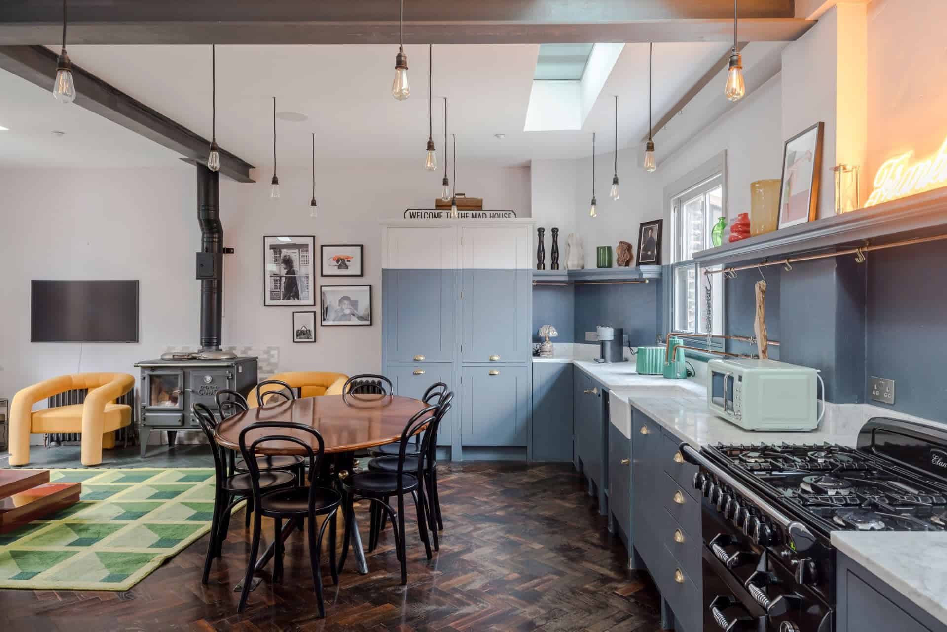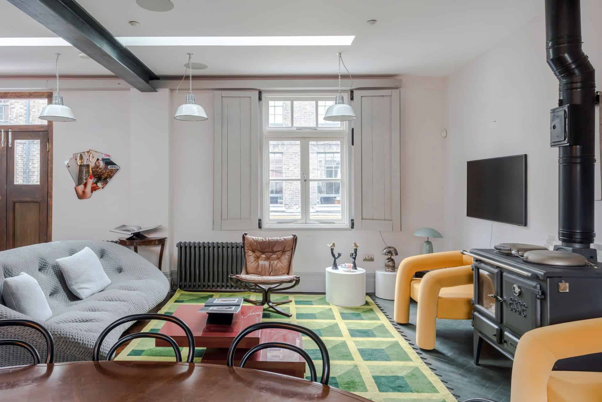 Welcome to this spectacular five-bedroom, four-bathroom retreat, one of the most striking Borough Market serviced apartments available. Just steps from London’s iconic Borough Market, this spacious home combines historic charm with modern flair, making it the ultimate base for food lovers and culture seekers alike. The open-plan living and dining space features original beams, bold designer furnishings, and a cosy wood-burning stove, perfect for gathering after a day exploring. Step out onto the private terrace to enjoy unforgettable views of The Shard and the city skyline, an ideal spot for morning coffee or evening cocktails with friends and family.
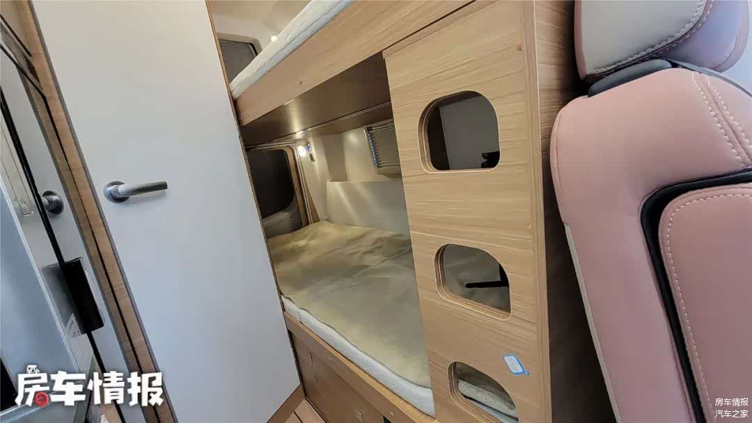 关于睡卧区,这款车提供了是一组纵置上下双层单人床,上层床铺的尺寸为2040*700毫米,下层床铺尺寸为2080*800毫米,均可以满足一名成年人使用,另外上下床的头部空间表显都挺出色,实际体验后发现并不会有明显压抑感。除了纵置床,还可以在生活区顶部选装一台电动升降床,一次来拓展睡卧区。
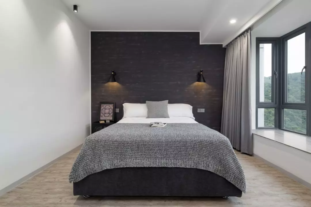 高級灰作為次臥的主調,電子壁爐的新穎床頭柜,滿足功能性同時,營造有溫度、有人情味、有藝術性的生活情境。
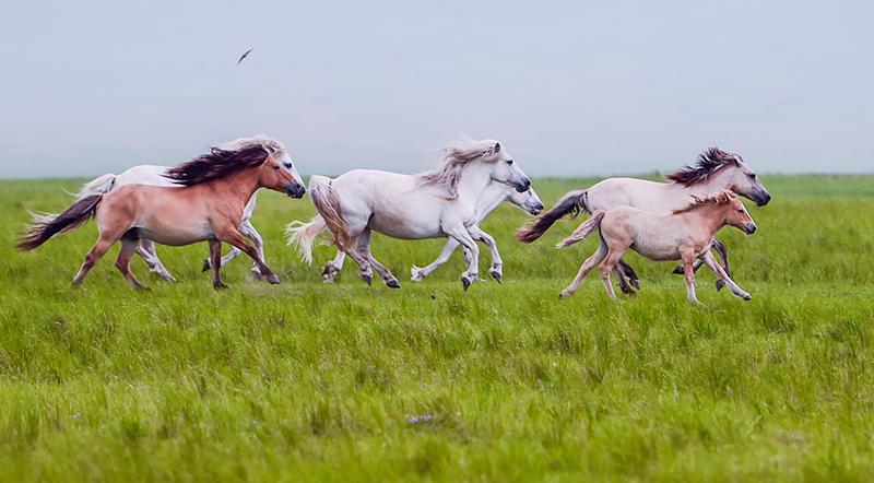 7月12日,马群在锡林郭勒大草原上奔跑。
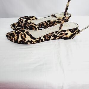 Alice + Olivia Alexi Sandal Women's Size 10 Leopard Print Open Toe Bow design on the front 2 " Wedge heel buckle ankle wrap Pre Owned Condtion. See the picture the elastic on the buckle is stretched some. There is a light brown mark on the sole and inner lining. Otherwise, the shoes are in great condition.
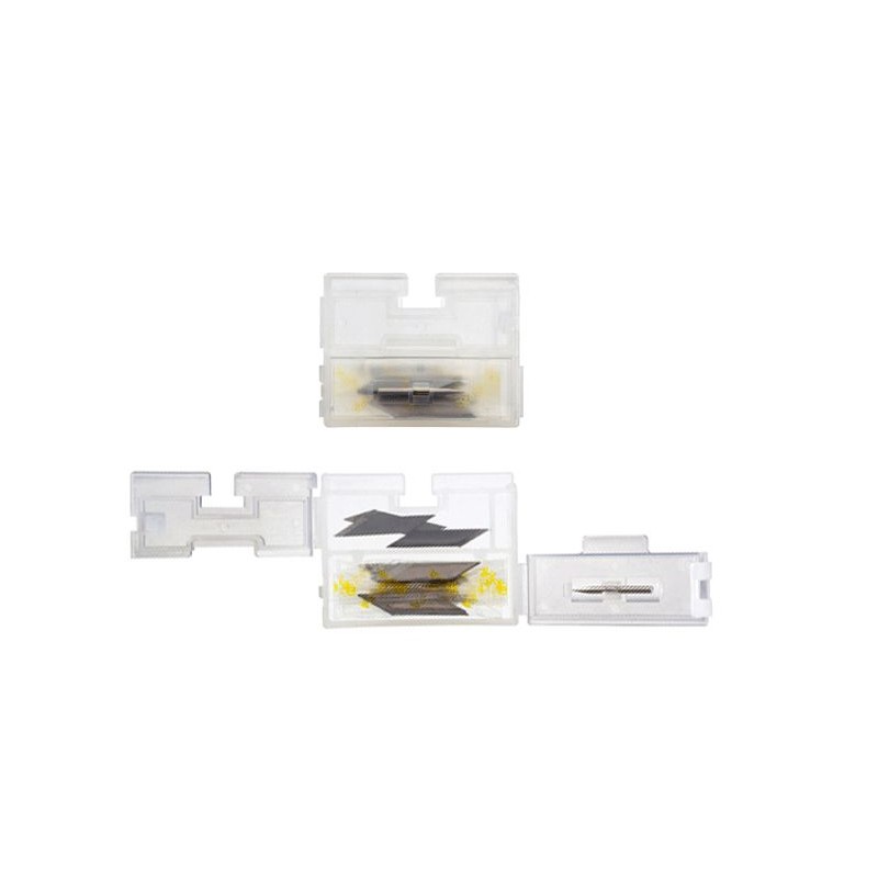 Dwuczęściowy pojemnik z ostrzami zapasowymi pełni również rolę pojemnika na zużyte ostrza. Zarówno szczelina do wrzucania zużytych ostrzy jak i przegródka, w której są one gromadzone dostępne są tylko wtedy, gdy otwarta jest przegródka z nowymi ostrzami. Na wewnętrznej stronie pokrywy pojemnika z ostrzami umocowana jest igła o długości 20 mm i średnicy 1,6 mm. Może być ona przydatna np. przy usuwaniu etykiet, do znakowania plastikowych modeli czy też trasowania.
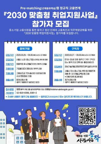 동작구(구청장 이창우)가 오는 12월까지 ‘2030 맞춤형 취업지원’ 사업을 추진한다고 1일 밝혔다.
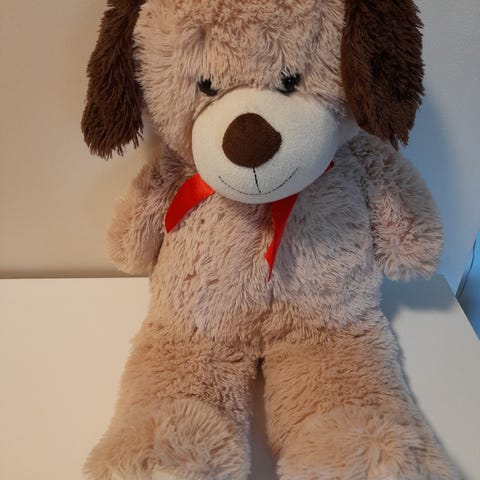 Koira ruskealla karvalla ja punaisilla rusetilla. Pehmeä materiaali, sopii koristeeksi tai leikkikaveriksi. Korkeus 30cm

* * *

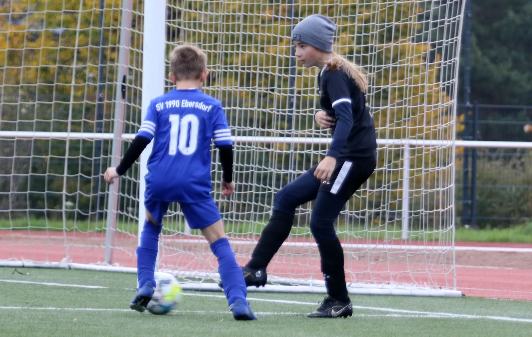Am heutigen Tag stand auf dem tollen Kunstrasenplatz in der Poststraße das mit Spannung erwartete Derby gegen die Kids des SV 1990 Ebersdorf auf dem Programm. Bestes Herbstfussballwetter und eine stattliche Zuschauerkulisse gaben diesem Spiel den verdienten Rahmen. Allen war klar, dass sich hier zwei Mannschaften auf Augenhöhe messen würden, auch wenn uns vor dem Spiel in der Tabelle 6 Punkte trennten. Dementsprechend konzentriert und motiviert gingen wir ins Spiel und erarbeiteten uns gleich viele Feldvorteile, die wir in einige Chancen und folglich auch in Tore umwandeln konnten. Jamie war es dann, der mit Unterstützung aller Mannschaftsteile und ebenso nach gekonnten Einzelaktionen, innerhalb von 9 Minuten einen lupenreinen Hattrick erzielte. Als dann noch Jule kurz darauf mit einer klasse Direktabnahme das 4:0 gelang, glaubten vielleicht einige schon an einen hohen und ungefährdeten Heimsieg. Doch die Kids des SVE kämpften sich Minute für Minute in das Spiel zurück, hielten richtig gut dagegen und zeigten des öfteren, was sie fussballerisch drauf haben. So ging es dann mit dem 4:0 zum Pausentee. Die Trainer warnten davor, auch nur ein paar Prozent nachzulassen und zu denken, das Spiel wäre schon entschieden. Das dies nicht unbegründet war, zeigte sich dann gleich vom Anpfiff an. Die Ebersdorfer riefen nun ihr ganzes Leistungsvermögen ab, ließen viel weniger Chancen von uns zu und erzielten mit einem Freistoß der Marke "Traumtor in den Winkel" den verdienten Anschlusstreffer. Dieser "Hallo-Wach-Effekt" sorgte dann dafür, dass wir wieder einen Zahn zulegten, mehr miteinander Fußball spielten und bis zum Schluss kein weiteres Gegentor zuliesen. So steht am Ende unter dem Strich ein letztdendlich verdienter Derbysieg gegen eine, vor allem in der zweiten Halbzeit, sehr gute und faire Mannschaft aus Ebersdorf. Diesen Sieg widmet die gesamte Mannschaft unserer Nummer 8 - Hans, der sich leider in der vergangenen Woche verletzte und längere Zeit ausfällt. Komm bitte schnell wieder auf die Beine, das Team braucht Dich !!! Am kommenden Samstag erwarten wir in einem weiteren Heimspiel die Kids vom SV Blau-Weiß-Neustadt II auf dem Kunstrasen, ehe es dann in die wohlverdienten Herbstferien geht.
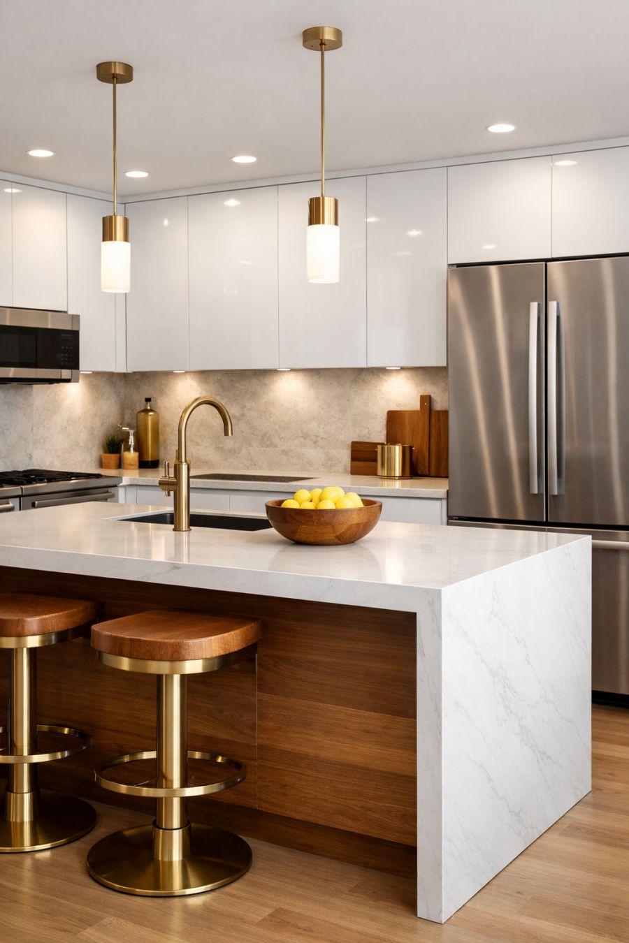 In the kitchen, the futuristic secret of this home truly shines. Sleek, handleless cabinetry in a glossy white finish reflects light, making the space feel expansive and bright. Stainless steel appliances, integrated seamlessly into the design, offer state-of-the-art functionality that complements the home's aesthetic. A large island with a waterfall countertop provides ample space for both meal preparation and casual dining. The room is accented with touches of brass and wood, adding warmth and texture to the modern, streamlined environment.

• _TASK DETAILS_
Copy nothing but the lines above that run from the one with "Alice + Olivia" to the one with "Koira ruskealla karvalla", ends included; pictures stay out.

• _RESULT OF THIS EXERCISE_
 Alice + Olivia Alexi Sandal Women's Size 10 Leopard Print Open Toe Bow design on the front 2 " Wedge heel buckle ankle wrap Pre Owned Condtion. See the picture the elastic on the buckle is stretched some. There is a light brown mark on the sole and inner lining. Otherwise, the shoes are in great condition.
 Dwuczęściowy pojemnik z ostrzami zapasowymi pełni również rolę pojemnika na zużyte ostrza. Zarówno szczelina do wrzucania zużytych ostrzy jak i przegródka, w której są one gromadzone dostępne są tylko wtedy, gdy otwarta jest przegródka z nowymi ostrzami. Na wewnętrznej stronie pokrywy pojemnika z ostrzami umocowana jest igła o długości 20 mm i średnicy 1,6 mm. Może być ona przydatna np. przy usuwaniu etykiet, do znakowania plastikowych modeli czy też trasowania.
 동작구(구청장 이창우)가 오는 12월까지 ‘2030 맞춤형 취업지원’ 사업을 추진한다고 1일 밝혔다.
 Koira ruskealla karvalla ja punaisilla rusetilla. Pehmeä materiaali, sopii koristeeksi tai leikkikaveriksi. Korkeus 30cm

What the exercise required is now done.